Contohnya, kata Thendra, terkait dengan perizinan reklamasi di pantai utara Jakarta yang sudah dikantongi DILD dan APLN pada pemerintahan sebelumnya. Seharusnya proyek tersebut sudah bisa berjalan namun dimentahkan oleh kementerian Kelautan dan Lingkungan Hidup di era pemerintahan baru ini.
Selain itu, kebijakan penerimaan pajak dari properti juga menjadi penyebab perlambatan. Rencana pemerintah menerapkan PPnBM pada rumah mulai harga Rp 2 miliar, residential di atas 400 m2 dan apartemen mulai seluas 150 m2 membuat investor properti menahan diri. “Sedangkan bagi pembeli untuk tujuan digunakan menunda keinginan pembelian karena data beli yang turun,” jelasnya.
Menurut Thendra, realisasi penjualan properti kuartal pertama tahun ini masih sejalan dengan ekspektasi analis. Pada kuartal selanjutnya, tantangan properti juga masih akan besar karena realisasi penerimaan pajak masih rendah sehingga kemungkinan besar aturan tentang PPnBM akan segera diputuskan.
Meski nantinya para pengembang akan melakukan berbagai akal untuk menghindari aturan tersebut misalnya menurunkan luas bangunan apartemen menjadi 149 m2 atau rumah menjadi 399 m2, namun dampaknya akan besar terhadap banyak emiten.
Senada, Hans Kwee, Direktur Investa Saran Mandiri menilai penjualan properti kuartal I masih melambat walaupun sedikit mengalami perbaikan dari tahun lalu. Meski BI rate turun, penjualan properti tidak bisa tumbuh baik karena turunnya hanya tipis dan di sisi lain daya beli masyarakat turun dan ada ketidakpastian terkait penerapan PPnBM untuk properti.

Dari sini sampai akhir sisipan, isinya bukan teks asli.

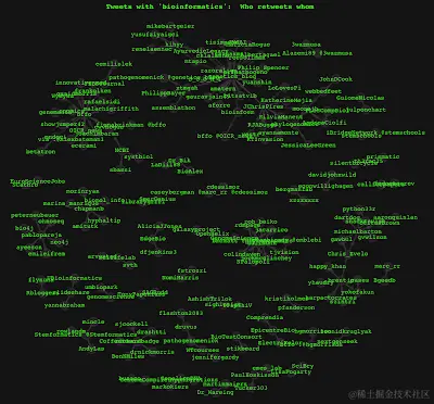 title("\nTweets with 'bioinformatics': Who retweets whom",
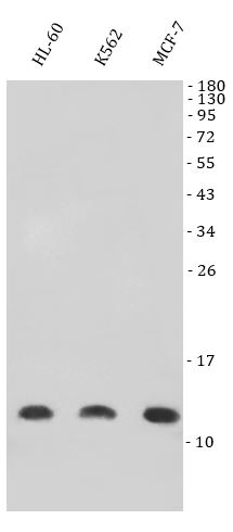 Western blot: HL-60, K562, and MCF-7 stained with ARG45202 anti-LSM5 antibody at 0.5 μg/ml dilution.
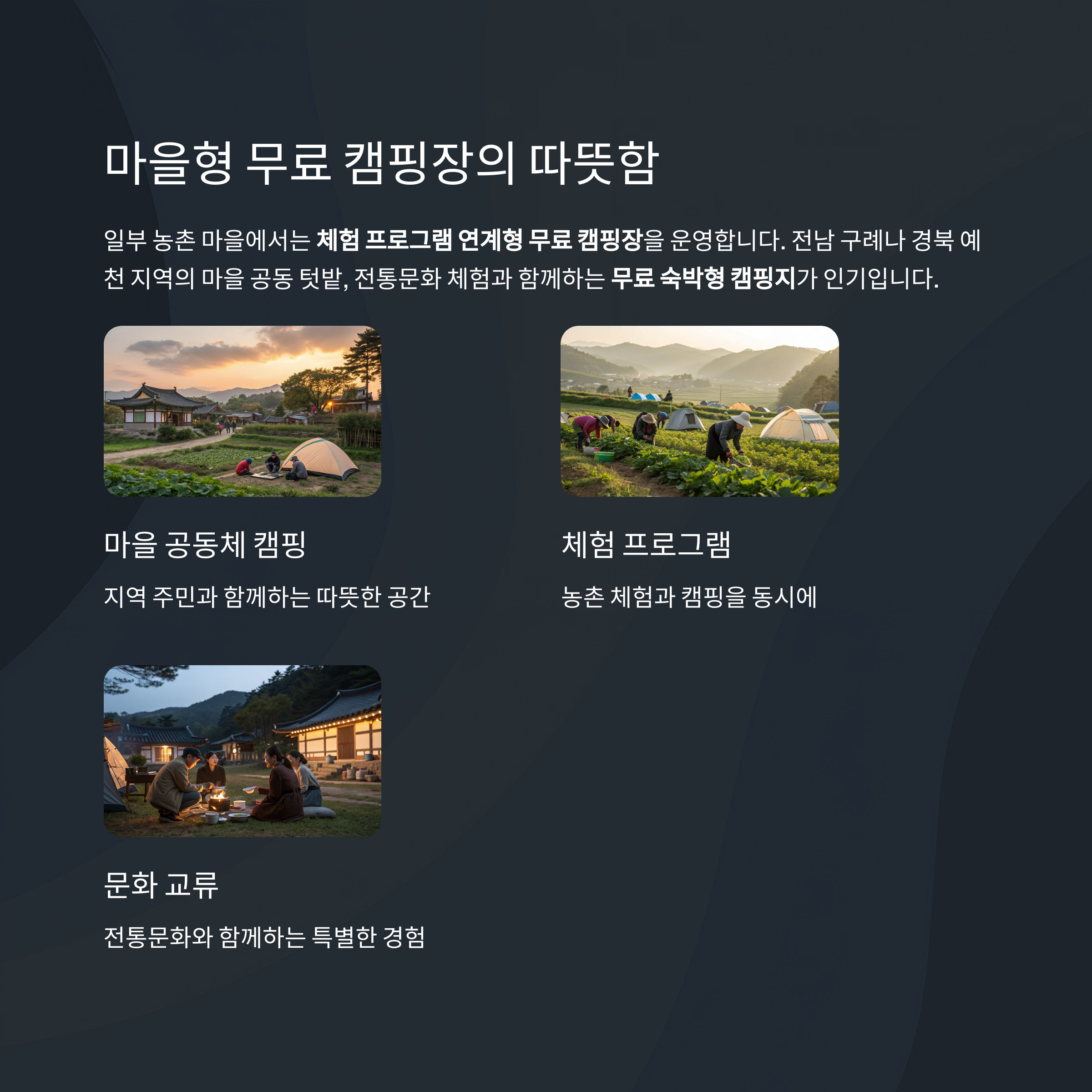 일부 농촌 마을에서는 체험 프로그램 연계형 무료 캠핑장을 운영합니다.
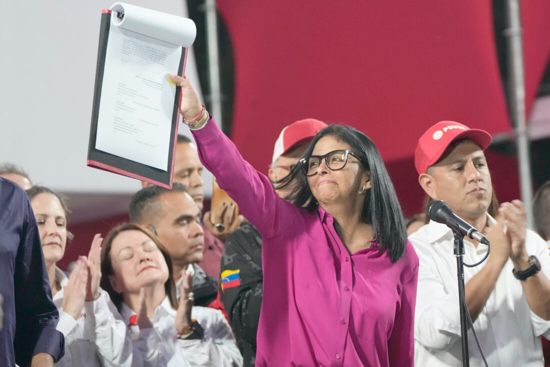 Venezuela’s acting President Delcy Rodriguez takes part in a rally on Thursday holding up a copy of a new law after lawmakers approved legislation opening the nation’s oil sector to privatization, at the Miraflores Palace in Caracas, Venezuela. The Associated Press

Kuartal berikutnya, Hans memperkirakan BI rate berpeluang turun 25 basis poin lagi. Namun, penjualan properti masih akan memiliki banyak tantangan yakni daya beli masyarakat, kepastian pajak PPnBM serta aturan BI tentang LTV dan kredit Inden.
Terlepas dari semua tantangan tersebut, Thendra tetap melihat sektor properti masih akan lebih baik tahun ini dibanding tahun 2014. Dia memperkirakan properti masih bisa tumbuh 15% naik dari sebelumnya yang hanya tumbuh 10%. “ Namun harus terpenuhi indikator suku bunga dan pemberian kredit yang mudah,” tandasnya.